A Chinese court awarded damages to the mother of a rape victim after she was sent to a labor camp for demanding her daughter’s attackers be punished, a spokesman said yesterday.
Tang Hui (唐慧), who became a figurehead for opponents of the “re-education through labor” system after she was condemned to 18 months in a camp, won a total of 2,641 yuan (US$430) following an appeal, a court spokesman surnamed Zhang (張) said.
The court in Changsha, the capital of Hunan Province, awarded the compensation on the grounds that local authorities had violated Tang’s personal freedom and caused her “psychological damage,” Zhang said.
However, it rejected Tang’s demand that the police who sentenced her write a formal apology, because the “relevant people had apologized in court,” he added.
The police chief of Yongzhou, who headed the committee that sentenced Tang, said during the hearing that he had “not acted with enough humanity or care,” Tang said earlier this month.
She was released in August last year after just more than a week in a labor camp following a public outcry over her case, which was given unusual prominence in state-run media and prompted speculation that the system would be abolished.
The compensation award comes as a surprise after Tang lost her initial case. She had estimated the chance of success in her appeal as a “remote possibility.”
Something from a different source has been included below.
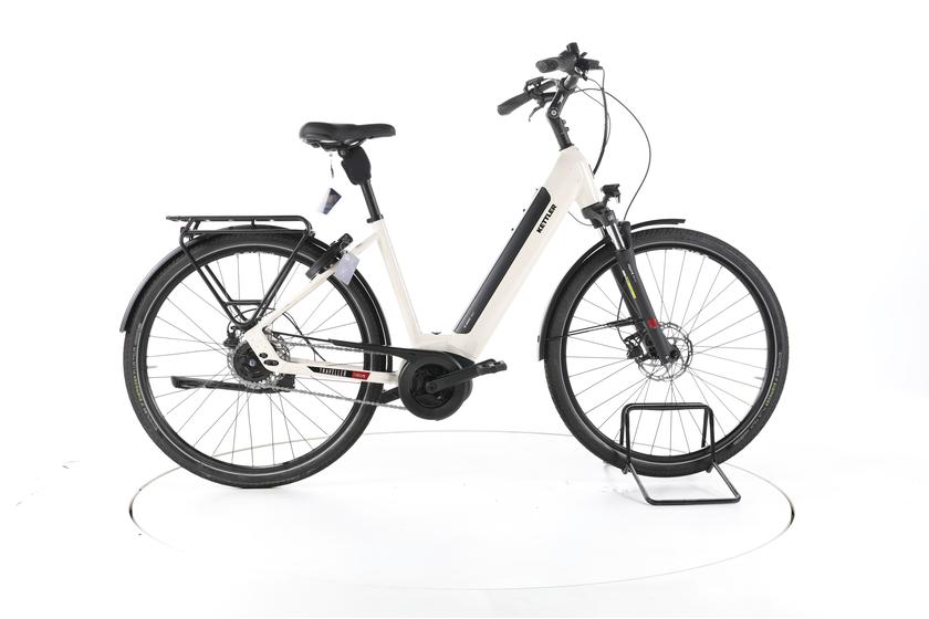 Dieses refurbished Kettler E-Traveler Gold P5RT City E-Bike Tiefeinsteiger 2024 mit einer 50 Rahmengröße ist ideal für Körpergrößen zwischen 160 und 170. Ausgestattet mit einem leistungsstarken Bosch PowerTube Akku, hat es nur 680 km auf dem Tacho. Unsere Mechaniker haben es 100 % geprüft und gewartet, um die volle Funktionalität zu gewährleisten. Optische Gebrauchsspuren können vorhanden sein, beeinträchtigen die Funktion jedoch nicht. Sie erhalten eine 2-Jahres-Garantie auf Motor und Akku.
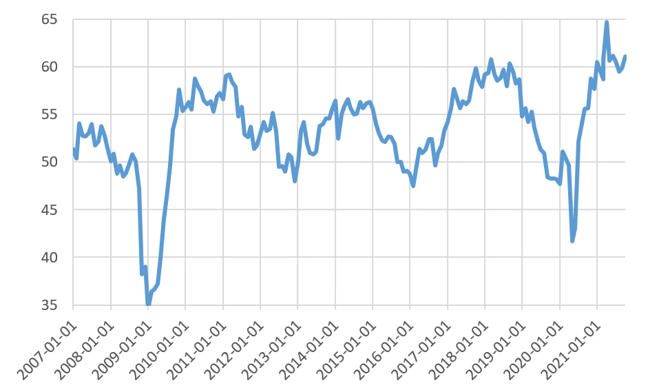 Im etwa vierjährigen Rhythmus, „Kitchin“-Zyklus genannt, traten in den USA Wirtschaftsabschwächungen beziehungsweise sogar Rezessionen auf, wie in den Jahren 2008, 2012, 2016 und zuletzt 2020. So sollte es jetzt noch nicht an der Zeit für eine schwere Wirtschaftskrise sein. Die jüngste, auch im Verlauf des ISM ablesbare, Delle lässt sich einerseits mit der - in USA mittlerweile wieder abklingenden - Delta-Welle und andererseits mit Engpässen bei der Produktion erklären. Im Jahr 2020, geschockt von der Corona-Pandemie, investierten die Unternehmen in Erwartung sinkender Nachfrage wenig in neue Produktionskapazitäten.

Tang’s daughter, 11 at the time, was kidnapped, raped and forced into prostitution in 2006, prompting Tang to seek to bring to justice the abductors and the police she says protected them.
Seven men were finally convicted in June last year, with two condemned to death, four given life sentences and one jailed for 15 years. However, Tang continued to agitate for the policemen to face trial and soon afterward she was sentenced for “seriously disturbing social order and exerting a negative impact on society.”
She could not be reached for comment after the court decision, but posted a brief message on a verified account opened recently on microblog service Sina Weibo saying: “Thank you everyone.”
China’s re-education through labor system gives police the right to hand out sentences of up to four years without a judicial trial.
Chinese Premier Li Keqiang (李克強) in March said the system would be “reformed,” without giving further details.
US-based advocacy group the Dui Hua Foundation said on its Web site last month that some re-education through labor facilities had been “quietly taking formal steps to transition into compulsory drug treatment centers,” citing local media reports.